Retail and finance top the list of vulnerable industries, increasingly targeted with credential threat campaigns
The finance, professional, and information sectors had the highest volume and most variety of malicious activity in Q2 2018, says Rapid7, and the manufacturing sector is steadily getting more and more targeted.
According to the statistics from the company’s latest threat report, compiled from alerts validated by its Managed Detection and Response team and data from its Project Sonar (Internet scanning for vulnerable systems) and Project Heisenberg (150+ honeypot nodes watching for signs of attacker activity), there has also been a continued emphasis on credential theft and account leaks across all industries, along with an increase in remote access attempts.
Half of the threat activity targeting small organizations was remote entry
“While remote entry also made up a significant amount of the activity targeting large organizations, the top incident type we saw facing large organizations in Q2 was dangerous user behavior,” the researchers shared.
“We also observed that dangerous user behavior is directly tied to the potential for attackers to attempt more remote entry attacks against these organizations moving forward, as users visit URLs designed to steal credentials. The majority of credential theft URLs were directed against large organizations.”
Brute-force attacks against local accounts suddenly topped the list of top threat events in June
This jump was fueled by adversaries’ consistent interest in Microsoft’s Remote Desktop Protocol (RDP) and a steady increase in activity targeting Microsoft’s Server Message Block (SMB) protocol.
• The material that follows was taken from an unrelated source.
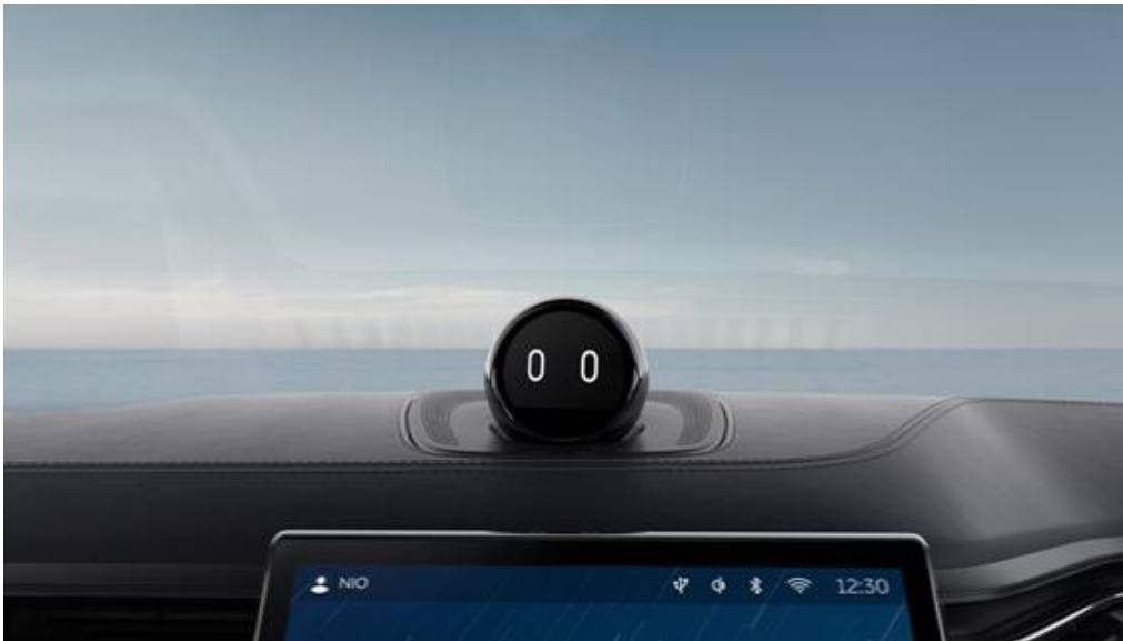
NOMI has been updated with more expressions and further enhanced speech capabilities

ES6 features pre-installed NIO Pilot hardware, including a Mobileye EyeQ4 chip and 23 sensors. NIO Pilot supports over 20 functions covering typical scenarios of car use in China. Functions can be upgraded over time via firmware-over-the-air (FOTA).

“Although there are exploits available for RDP, many attackers prefer to leverage credentials to gain access to systems over RDP,” the researchers noted.
Among these is the SamSam attacker (or group), who stole millions from US companies by deploying ransomware on many target computers on the corporate network simultaneously.
The attackers are trying out usernames with no passwords, common and uncommon (but very specific passwords), and are tageting backups and other systems that are easy for defenders to overlook but can serve as a way into the network.
The rise of the cryptominer injectors
In Q2 2018 we witnessed the cryptojacking campaign that relied on compromised MikroTik routers, which served users with pages injected with the Coinhive mining script.
Web servers running Drupal were also under attack, and one of the goals was to install cryptominers on them.
“Q2 saw increased attacker focus on Bitcoin, numerous flavors of HTTP attacks, the start of an uptick in Mirai and a levelling-off of SMB,” the researchers noted.
They advised those who run a bitcoin node to make sure the software is from a trusted source and at current patch levels; users to rethink how they configure, manage and, expose their cameras, doorbells, and security systems; and organizations to ensure they have the level of DoS protection that meets their risk appetite.